Br¸tal Legend is a br¸¸¸¸tally fun time

By Jordyn Marcellus

After producing the critical darling — and consumer flop — Psychonauts, video game designer Tim Schafer had to go back to the drawing board. Schafer, who worked on popular point-and-click comedy games like The Secret of Monkey Island and Grim Fandango, decided to return to his heavy metal roots and Brütal Legend was born.


Brütal Legend begins with the Jack Black-voiced Eddie Riggs, the “world’s greatest roadie” waking up in a heavy metal fantasy world where humans are slaves to Lord Doviculus’ (Tim Curry) demonic hordes and General Lyonwhite’s (Judas Priest lead vocalist Rob Halford) treacherous mines.

The game is a brilliant send-up-cum-tribute of all the fantastical tropes found on every generic ’70s and ’80s metal album cover. The character design is spot on, many affectionaly homaging popular genre icons like Motörhead’s Lemmy Kilmister, who voices and provides his likeness for the mysterious Kill Master.

Other times the game caricatures the genre’s more excessive indulgences — General Lyonwhite is a parody of the ’80s hair metal scene with locks so luscious and long he can use them to fly.

Gameplay-wise, Brütal Legend offers players a fairly open-world with linear main missions throughout. The regular grammar of the open-world action-adventure game applies here: do side missions and uncover secrets to get power ups, do main missions to further unlock the story. It’s fairly repetitive and typical of the genre, so haggard veterans may not find much to write home about.

A lot of games that focus on comedy tend to fail mostly through constant repetition. The same joke is funny once, but ad nauseum leads to eye-rolling and a wish for something less lame. Brütal Legend suffers from this problem in its open world elements, but not when it comes to its in-game movies. These cinematics are funny, intelligent and totally in keeping with the tongue-in-cheek full-frontal metal mayhem found within.
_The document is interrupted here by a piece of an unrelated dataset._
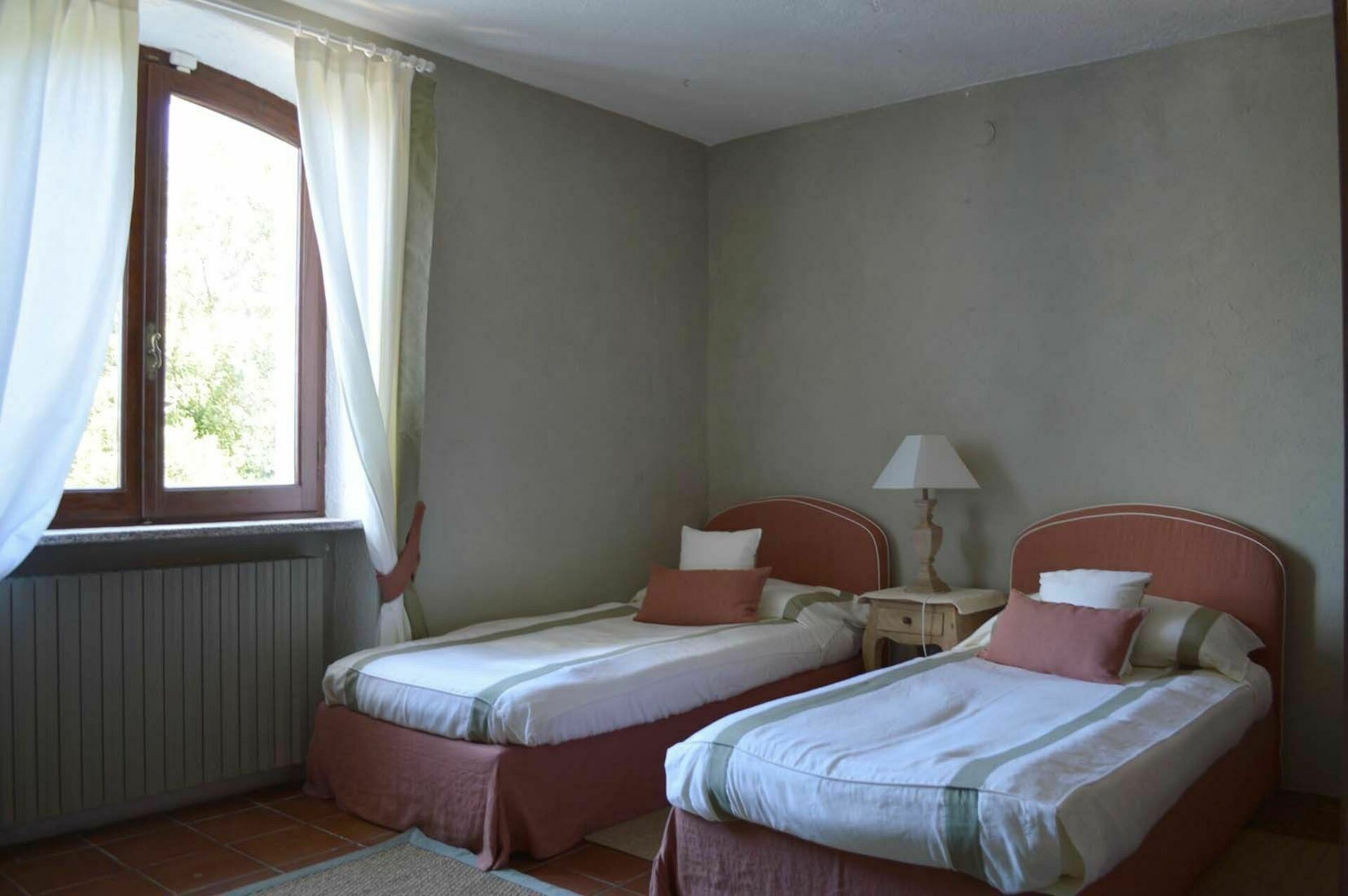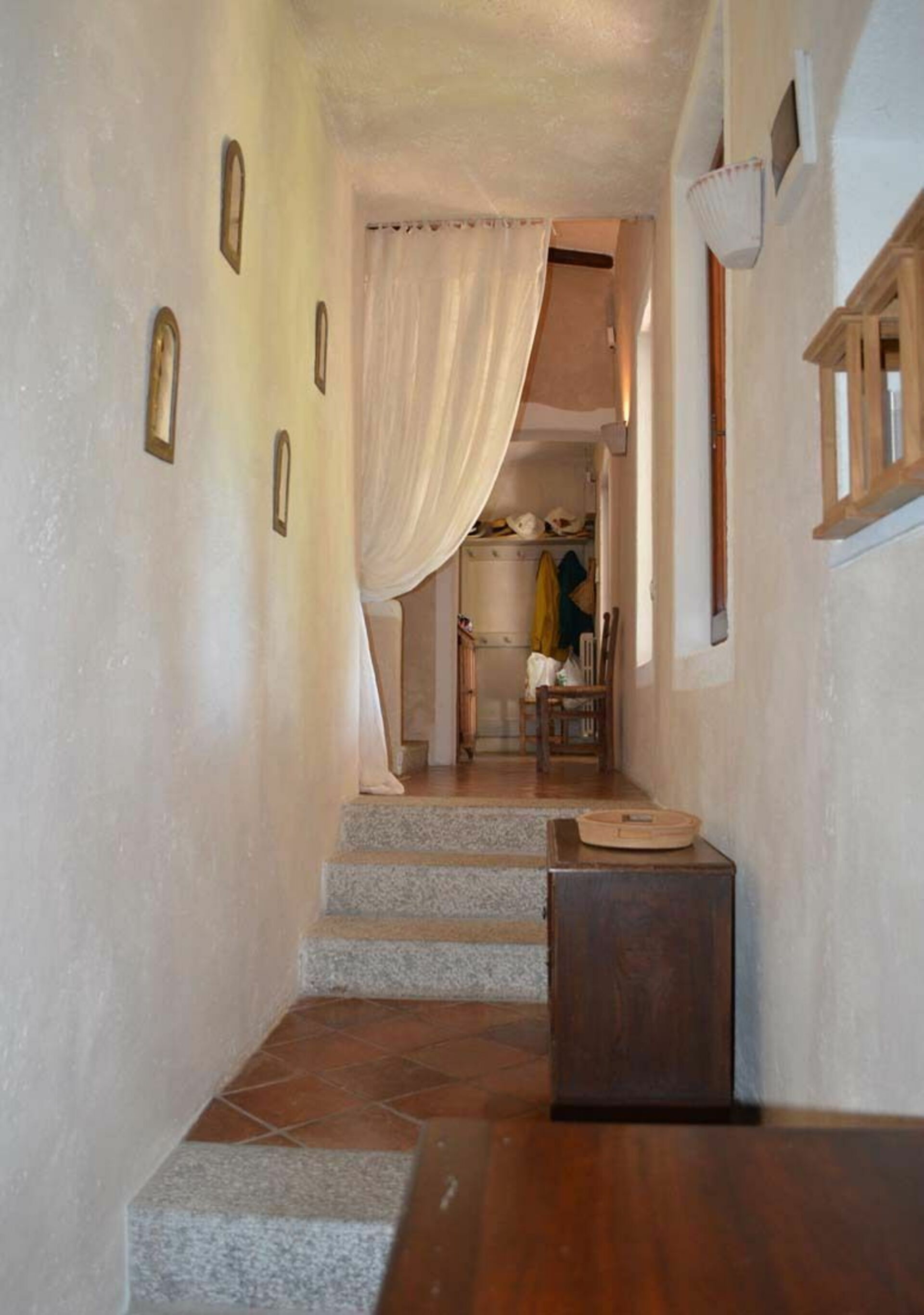Ground Floor: Entrance; sitting room with fireplace, opening onto a covered verandah with dining table and chairs, ideal for al fresco meals; kitchen opening onto the same verandah. Lower Ground Floor: Self contained apartment comprising: Double bedroom with independent access to the garden and en-suite bathroom (shower only). Sitting room opening onto a covered terrace, with kitchen corner and fireplace; double bedroom; bathroom. First Floor: Twin bedroom; bathroom with shower only; small twin bedroom ( in an alcove), suitable for children; bathroom; master bedroom with independent access, via stairs to the garden.

Special credit goes to the incredible voice work found within Legend. Metal legends like Kilmister, Halford and even Ozzy Osbourne give strong performances, something not usually expected in the realm of celebrity cameos. Yet the voicework is unstilted and unusually funny, a real coup for fans and game players.

Black, fortunately or unfortunately depending on the moment, puts himself fullbore into the role of Eddie Riggs. There are numerous points when it’s incredibly clear that Black is just playing himself and ad-libbing like mad, leading to some uneven jokes or deliveries that can either fall flat or end in a busted gut from laughing.

Lastly — and most interestingly — is the online multiplayer mode available. This is a supremely mediocre addition that plays more like a real-time strategy game, but with all the complexity stripped out of the genre to only its most aggravating micro-management aspects. Some people will love it, some people will hate it, but this multiplayer mode is supremely mediocre.

Brütal Legend, while not the most complex game in the world, manages to be an entertaining romp through a fantastical über-metal wonderland thanks to the entertaining voice acting of Black and company. While the gameplay leaves something to be desired, it still offers through the charmingly brutal art direction a great narrative experience for metalheads and metal neophytes alike.